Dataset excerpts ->
● ● ● ● ● ● ●

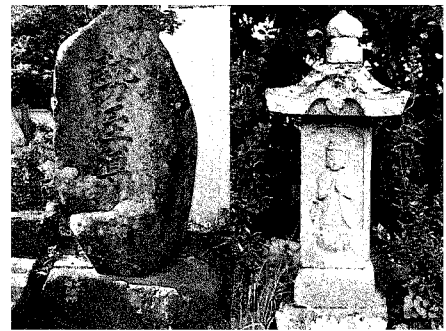
勢至尊菩薩塔 四日市場公民館前 与繩日影天正寺入口

二十三夜のお月さまは、勢至菩薩の化身といわれています。勢至菩薩は、観音菩薩とともに阿彌陀
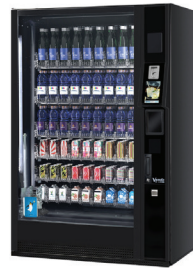
G-DRINK 9 TOUCH DT9
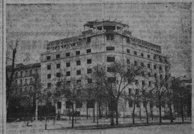
Edificio de la Unión Española de Explosivos, en construcción

Bloques de viviendas construidas en el barrio marítimo del Grao por Regiones Devastadas
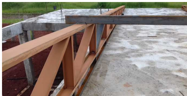
Figura 26: Terça fixada no banzo superior de uma tesoura
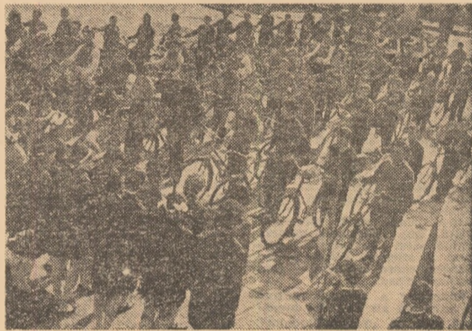
Cea de a doua „recreație” a anului școlar, de obicei cu multe zile însoțite, este o invitație la drumeții și excursii, la cicloturism de masă...

nua și desăvîrși pregătirea în disciplina îndrăgită. Astfel, elevii atleți vor face popas de tabără la Baia Mare (210 elevi), Căprioara — Tîrgoviște (170) și Mangalia (80), canotorii la Timișoara (140), caiacisții și canoistii la Orșova (90). Tot la Mangalia vor fi pre-
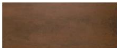
Oxígeno Brown 20x50 / 8x20"
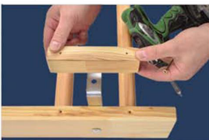
6. Prendeti i 4 angoli di metallo hai lati dello spalliera.
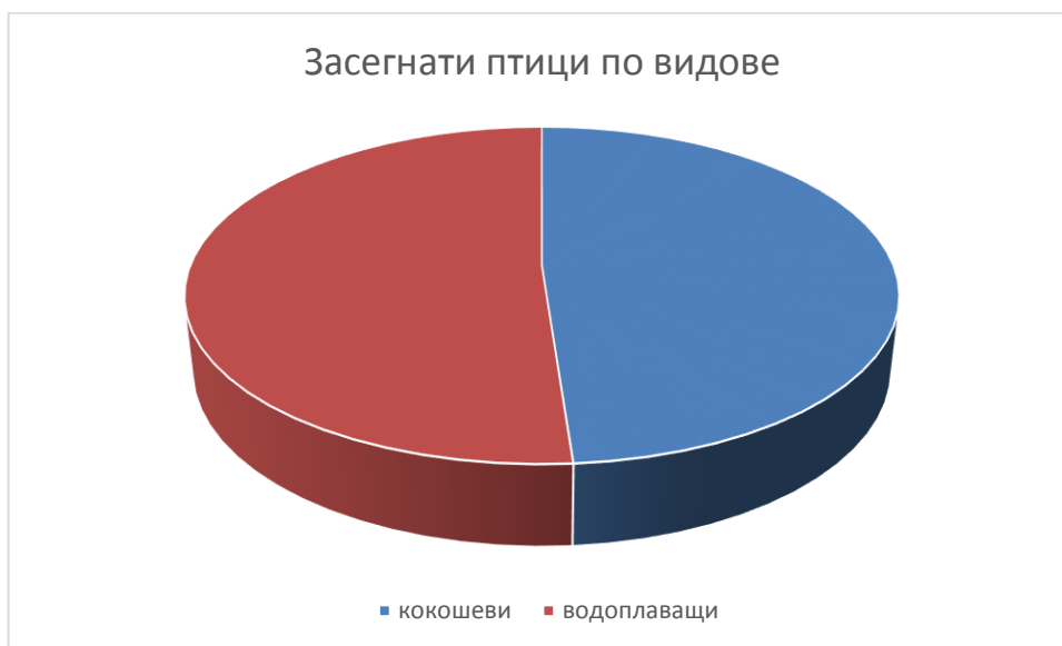
Графика 1: Засегнати домашни птици по видове

За периода от 03-10.06. 2022 г. са обявени 12 огнища на заболяването ИП при домашни птици. Заболяването е констатирано в 7 ферми във Франция като вторично. В Унгария са засегнати 2 ферми за водоплаващи птици. Едно от констатираните огнища е в Хърватска в лично стопанство със 17 птици. Общо са засегнати 116 544 броя птици . Констатираният щам е H5N1 . Засегнати са 56 508 бр. кокошеви птици и 59636 броя водоплаващи птици. Информацията е илюстрирана на графика 1:
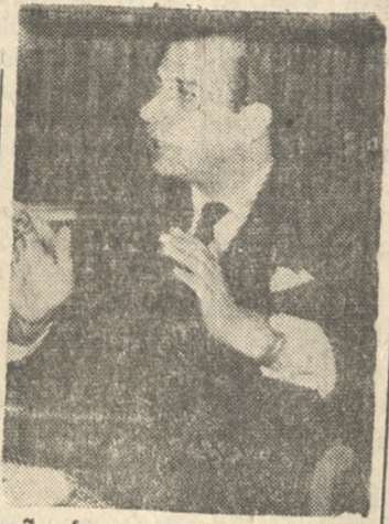
Ο υπουργός εξωτερικών κ. Σπύρος Κυπριανού...
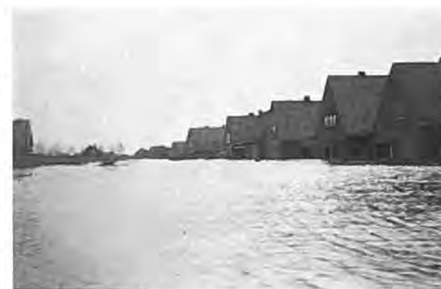
2 April 1953 te Waarde.
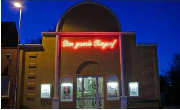
Facaden som den ser ud i 2016
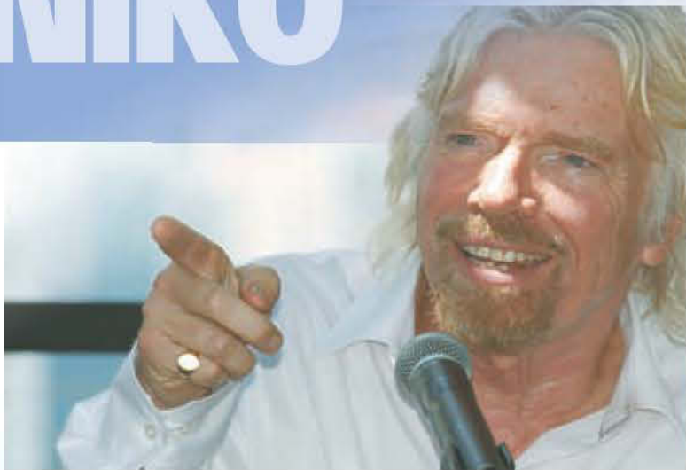
Ο ΕΚΚΕΝΤΡΙΚΟΣ ΔΙΣΕΚΑΤΟΜΜΥΡΙΟΥΧΟΣ Ρίτσαρντ Μπράνσον ανακοίνωσε ότι η εταιρεία του Virgin Galactic, που θα προσφέρει ταξίδια στο Διάστημα, δέχεται από τώρα πληρωμές και κρατήσεις θέσεων σε Bitcoins
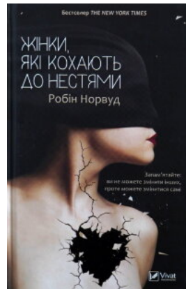
Жінки, які кохають до нестями
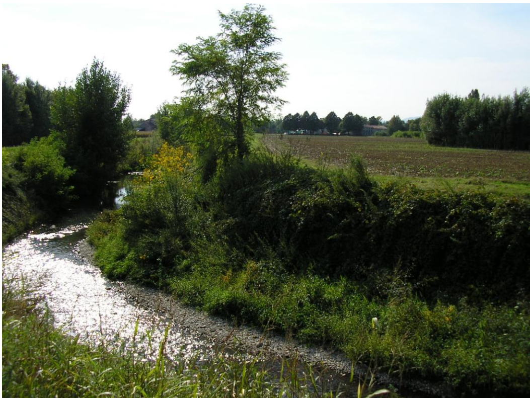
Foto B.5 Vista sul Fiume Tesina verso sud-ovest nel punto in cui si effettuerà un attraversamento con spingitubo.
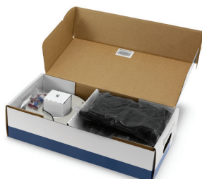
SADA PRO INSTALACI ROBOTICKÉ SEKAČKY, MALÁ, VČ. ČERNÉHO KABELU ODOLNÉHO PROTI UV 967 97 21-01
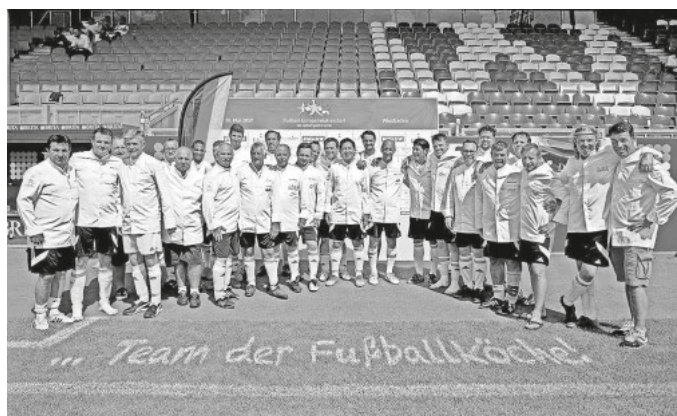
Tauschen Töpfe gegen Tore: Die Fußballköche kicken am 17. Juni für den Bundesverband Kinderhospiz!

Deshalb treten die Fußballköche bei ihrem nächsten Charity-Fußballturnier für den Bundesverband Kinderhospiz an. Anpfiff ist am Montag, 17.06.2019, um 15 Uhr auf dem Sportgelände des VfR Hausen. Mit dabei sind die Deutsche Fußballmannschaft der Spitzenköche und Restaurateure e. V., die Deutsche Weinfußball e. V. und die Schweizer Fußballköche. Um 19 Uhr beginnt dann in der Eventhalle des Fallerhofs die „Dritte Halbzeit“ mit Live-Band, Tombola und Show-Tanzgruppe – und selbstverständlich ist für das leibliche Wohl gesorgt! Eintrittskarten für die besondere Abendveranstaltung zugunsten des Bundesverband Kinderhospiz erhalten Sie unter info@fallerhof.de .
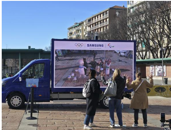
Der Victory Truck bietet ein immersives Olympiaerlebnis

Parallel dazu tourt der Samsung Victory Truck durch Mailand, Bormio und Livigno und macht mobile Technologie rund um die Olympischen Spiele für die Menschen erlebbar. Sie können Fotos mit den Augmented Reality-Maskottchen Tina und Milo machen, diese als QR-Code herunterladen und mit anderen teilen. Ein individuelles, digitales Andenken an die Olympischen Winterspiele.
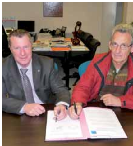
▲ Signature de la convention

La première phase des travaux est prévue sur le périmètre qui s'étend du lavoir (quai
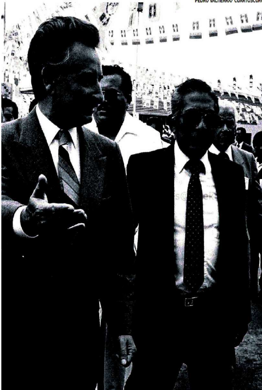
Exgobernador Fernando Gutiérrez y el líder sindical petrolero Joaquín Hernández, alias La Quina
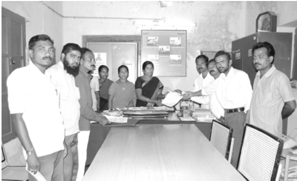
చర్యలు తీసుకోవాలని వినతి
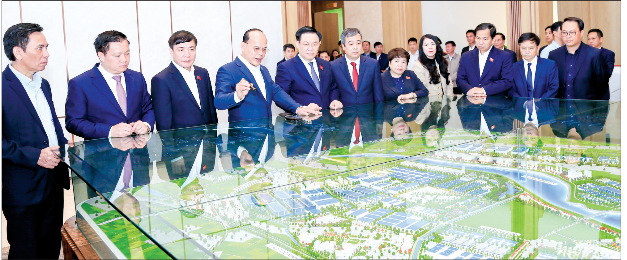
Đồng chí Vương Đình Huệ, Ủy viên Bộ Chính trị, Chủ tịch Quốc hội cùng đoàn công tác và các đồng chí lãnh đạo tỉnh Thái Bình nghe đại diện Công ty Cổ phần Green i-Park báo cáo quá trình đầu tư hạ tầng khu công nghiệp Liên Hà Thái.
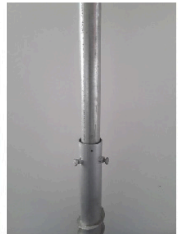
Serrage avec 3 boulons M12
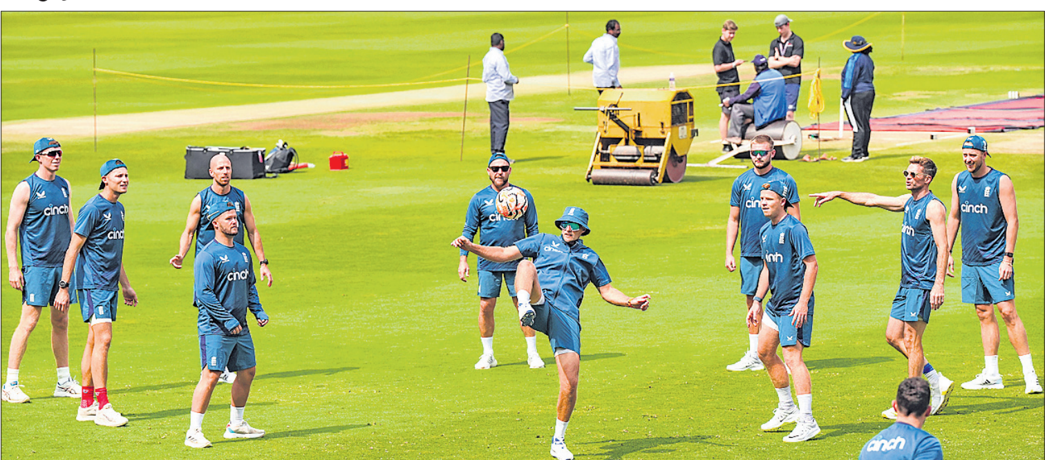
ଭାରତ ବିପକ୍ଷ ପ୍ରଥମ ଟେଷ୍ଟ ପୂର୍ବରୁ ରୁଧିର ଅବସରରେ ଇଂଲଣ୍ଡ ଦଳର ଖେଳାଳି।

ଆଜି ପ୍ରଥମ ଟେଷ୍ଟ ମ୍ୟାଚ୍ ସ୍ଥାନ: ହାଇଦ୍ରାବାଦ ସମୟ: ସକାଳ ୯.୩୦ ପ୍ରସାରଣ: ସୋର୍ଟ୍ ୧୮
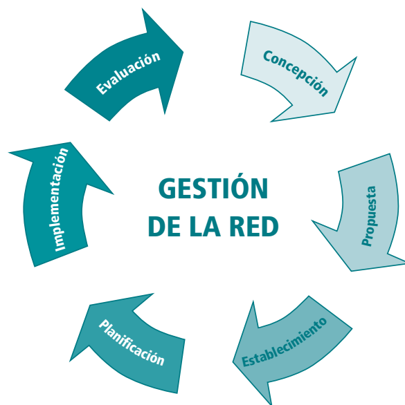
Figura 1: Modelo de gestión de una red formal

Junto con el modelo de fases y de los procesos que ocurren en estas fases, es necesario construir una caja de herramientas que se pueda aplicar dentro de cada fase. Los resultados esperados no se podrán lograr si no se cuenta con las herramientas apropiadas y las respectivas competencias para aplicarlas. Por lo tanto, la gestión de redes será más eficiente mientras mayor sea el nivel de profesionalización.
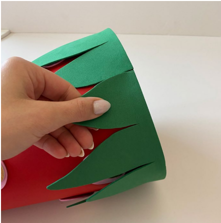
7. Die Zacken des Erdbeergrüns leicht nach außen biegen.
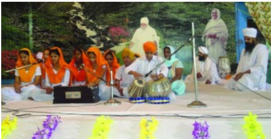
ਸੰਤ ਵਰਿਆਮ ਸਿੰਘ ਮੈਮੋਰੀਅਲ ਪਬਲਿਕ ਸਕੂਲ ਰਤਵਾੜਾ ਸਾਹਿਬ ਦੇ ਬੱਚੇ 17 ਜੂਨ ਨੂੰ ਸ਼ਬਦ ਕੀਰਤਨ ਰਾਹੀਂ ਨਿਹਾਲ ਕਰਦੇ ਹੋਏ।

ਇਕ ਘੰਟੇ ਵਿੱਚ 18000 ਤੋਂ ਵੱਧ ਪ੍ਰੇਮੀ ਲੰਗਰ ਛਕ ਜਾਂਦੇ ਸਨ। (ਮਹਾਂਪੁਰਖਾਂ ਦੀ ਚਲਾਈ ਪ੍ਰਾਪਤੀ ਅਨੁਸਾਰ ਹੁਣ ਵੀ ਇਹ ਸਮਾਗਮ ਆਉਣ ਵਾਲੀ ਮਿਤੀ 28, 29, 30 ਅਤੇ 31 ਅਕਤੂਬਰ ਨੂੰ ਰਤਵਾੜਾ ਸਾਹਿਬ ਦੀ ਮਹਾਨ ਤਪੋ ਭੂਮੀ ਉਪਰ ਮਹਾਂਪੁਰਖਾਂ ਦੀ ਬਰਸੀ ਦੇ ਰੂਪ ਵਿੱਚ ਮਨਾਏ ਜਾਂਦੇ ਹਨ। ਜਿਸ ਵਿੱਚ ਮਹਾਂਪੁਰਖਾਂ ਨੂੰ ਪਿਆਰ ਕਰਨ ਵਾਲੇ ਅਨੇਕਾਂ ਦੇਸ਼ ਵਿਦੇਸ਼ਾਂ ਤੋਂ ਪ੍ਰੇਮੀ ਰਤਵਾੜਾ ਸਾਹਿਬ ਪਹੁੰਚ ਰਹੇ ਹਨ। ਸਾਡੇ ਕੋਲ ਈਮੇਲ ਟੈਲੀਫੋਨ, ਮੋਬਾਇਲ ਫੈਕਸ ਰਾਹੀਂ ਸਨੋਹੇ ਆ ਰਹੇ ਹਨ, ਉਨ੍ਹਾਂ ਦੀ ਦੇਖ ਰੇਖ ਯੋਗ ਰਿਹਾਇਸ਼ ਦਾ ਪ੍ਰਬੰਧ ਰਤਵਾੜਾ ਸਾਹਿਬ ਕੰਪਲੈਕਸ ਅੰਦਰ ਹੀ ਕੀਤਾ ਗਿਆ ਹੈ, ਤਾਂ ਜੋ ਸੰਗਤਾਂ ਚਾਰ ਦਿਨ
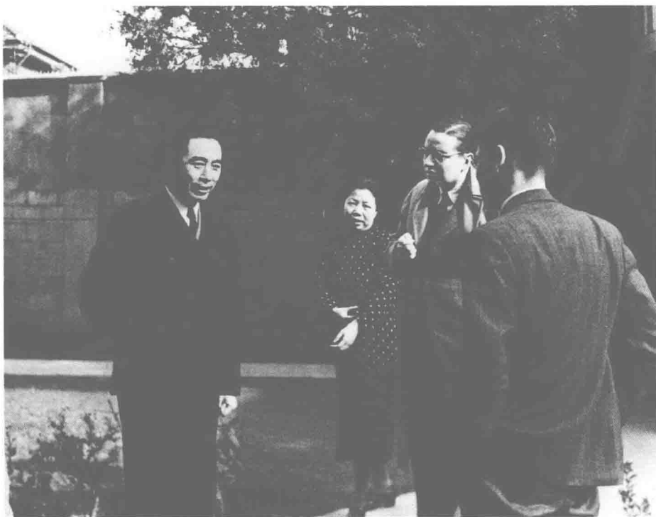
△ 1946年5月，伯父在梅园新村30号院内与国际友人交谈，伯母陪同
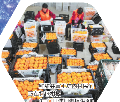
三门县浦项港镇村民们正在打包柑桔
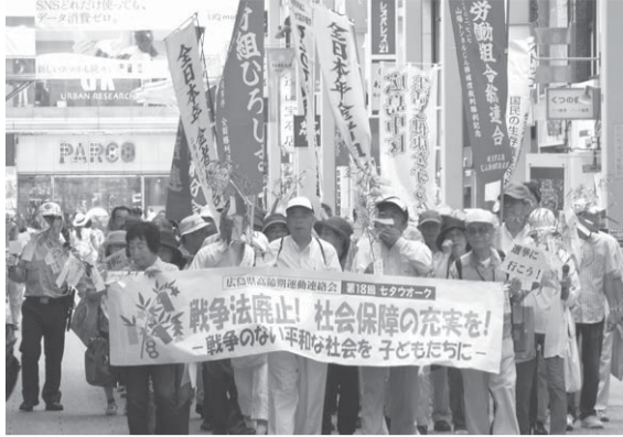
▲90名がシュプレヒコールでアピール

ンに掲げていましたが、今はむしろ「自助」「家族の責任」が叫ばれています。統計的には介護保険は全ての人が使う制度ではありません。しかし、自分が使う身になるか分からないのも現実です。自分が使うとき、経済的にも精神的にも安心して使うことが出来る制度にしておかなければ、困るのは自分です。とても複雑で分かりにくい制度ですが、いろいろな機会を利用して介護保険の「云々」をたくさんの人に知っていただく取組を進めていきたいと思ひます。
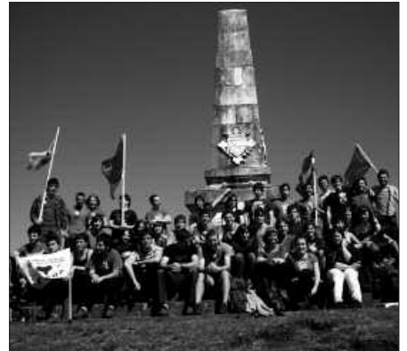
MARTXOAN AMAIUREN IZAN ZIREN ITAYAKO GAZTEAK.

Euskararen arloan ere ibili gara gure pintzeladak ipintzen. Horren adibide ditugu herriko tabernetan ipinita dauden kartelak euskararen erabilera zuzena sustatzeko asmoz eta batez ere gazteen artean erabiltzen ditugun hitz edo esaldi okerrak gure ahotik kentzeko helburuarekin. Baina euskararen arloan dena ez da zuzentasuna ere. Honela ospatu genuen Euskararen eguna gazteok dugun heldu izateko gogoia alboratu eta inozentzia garbienean herriko haurrekin jolasak eginez algaren faltarik izan gabe. Eta algarekin jarraituz bukatu genuen eguerdi hura ere, hamaiketako janez piropo txapelketako piropo original, pastelero eta berdeenak entzuten. Euskaraz ere piropo ederrak esan daitezkeela erakutsiz.
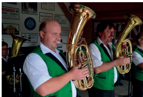
Pout'ové odpoledne s dechovkou na hřišti

příležitostech. Je potřeba vysvětlit, proč k tomuto kroku došlo. Každý starosta, který bude sedět v tom horkém křesle, bude mít starost o peníze. Bez těch nejde nic nebo jen něco málo. Pokud mu to ovšem nebude jedno. Máme schválený Program rozvoje obce na dvě volební období dopředu a z něj vyplývá potřeba cca padesát milionů korun bez dotací a cca tři a půl milionu korun na zpracování a přípravu projektové dokumentace na tyto záměry. Bez ní nemůžeme žádat o jakoukoliv dotaci a nebude zajištěn jakýkoliv rozvoj a u toho bych nechtěl být. Ano, sice máme pár milionů našetřeno, což mimochodem Pačejov také dlouho nepamatuje, ale jenom náš podíl na financování kanalizace a čistírny bude cca dvanáct milionů korun a já, když to půjde si nechci půjčovat, ale našetřit si. Ten návrh se dotýkal všech majitelů nemovitostí, nejvíce a to z poloviny podniků a podnikatelů, z větší části majitelů hektarů pozemků a lesů a všechny tyto skupiny na to přeci mají, protože buď hospodaří nebo pronajímají. Ti nejsou chudí. A z nejmenší části se tento návrh dotýkal většiny občanů, to je těch, co vlastní rodinný dům se zahradou. Ty by to stálo cca 400 korun ročně, tj. 35 korun měsíčně. A obec mohla mít půl milionu ročně v pokladně a mohla připravovat projekty a reagovat na potřeby občanů. Jak se dočtete dále – nebude. Škoda pro nás pro všechny.
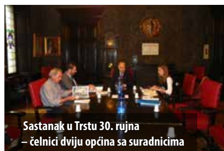
Sastanak u Trstu 30. rujna – čelnici dviju općina sa suradnicima

su na tome radili proteklih 20 godina. Zahvaljujem svim dosadašnjim čelnicima koji su gradili ovo dugogodišnje prijateljstvo. Problemi u Italiji slični su onima u Hrvatskoj, a slična su i rješenja i zato se nadam da će se iz ovoga skupa roditi nešto dobro i nešto novo, dodao je Siviero.
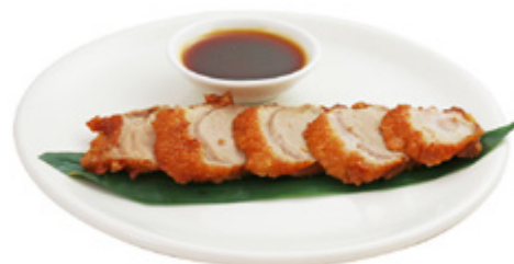
217 · ANATRA 5 AROMI | € 7,50 Anatra arrosto con un tocco di erbe aromatiche allergeni: 1-3-6-11
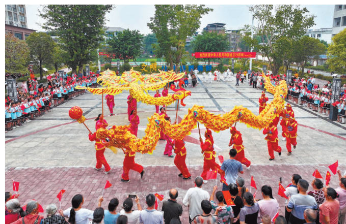
2024年9月29日，聚奎镇奎星广场，社区居民在开展舞龙舞凤活动，喜迎国庆节。

● ● ● ● ● ● ●

What to produce -> Starting at the line containing "చర్యలు తీసుకోవాలని వినతి" and finishing at the line containing "7. Die Zacken", return those lines exactly as they appear above, without the pictures.

Task response ->
చర్యలు తీసుకోవాలని వినతి
Đồng chí Vương Đình Huệ, Ủy viên Bộ Chính trị, Chủ tịch Quốc hội cùng đoàn công tác và các đồng chí lãnh đạo tỉnh Thái Bình nghe đại diện Công ty Cổ phần Green i-Park báo cáo quá trình đầu tư hạ tầng khu công nghiệp Liên Hà Thái.
Serrage avec 3 boulons M12
ଭାରତ ବିପକ୍ଷ ପ୍ରଥମ ଟେଷ୍ଟ ପୂର୍ବରୁ ରୁଧିର ଅବସରରେ ଇଂଲଣ୍ଡ ଦଳର ଖେଳାଳି।

ଆଜି ପ୍ରଥମ ଟେଷ୍ଟ ମ୍ୟାଚ୍ ସ୍ଥାନ: ହାଇଦ୍ରାବାଦ ସମୟ: ସକାଳ ୯.୩୦ ପ୍ରସାରଣ: ସୋର୍ଟ୍ ୧୮
Figura 1: Modelo de gestión de una red formal

Junto con el modelo de fases y de los procesos que ocurren en estas fases, es necesario construir una caja de herramientas que se pueda aplicar dentro de cada fase. Los resultados esperados no se podrán lograr si no se cuenta con las herramientas apropiadas y las respectivas competencias para aplicarlas. Por lo tanto, la gestión de redes será más eficiente mientras mayor sea el nivel de profesionalización.
7. Die Zacken des Erdbeergrüns leicht nach außen biegen.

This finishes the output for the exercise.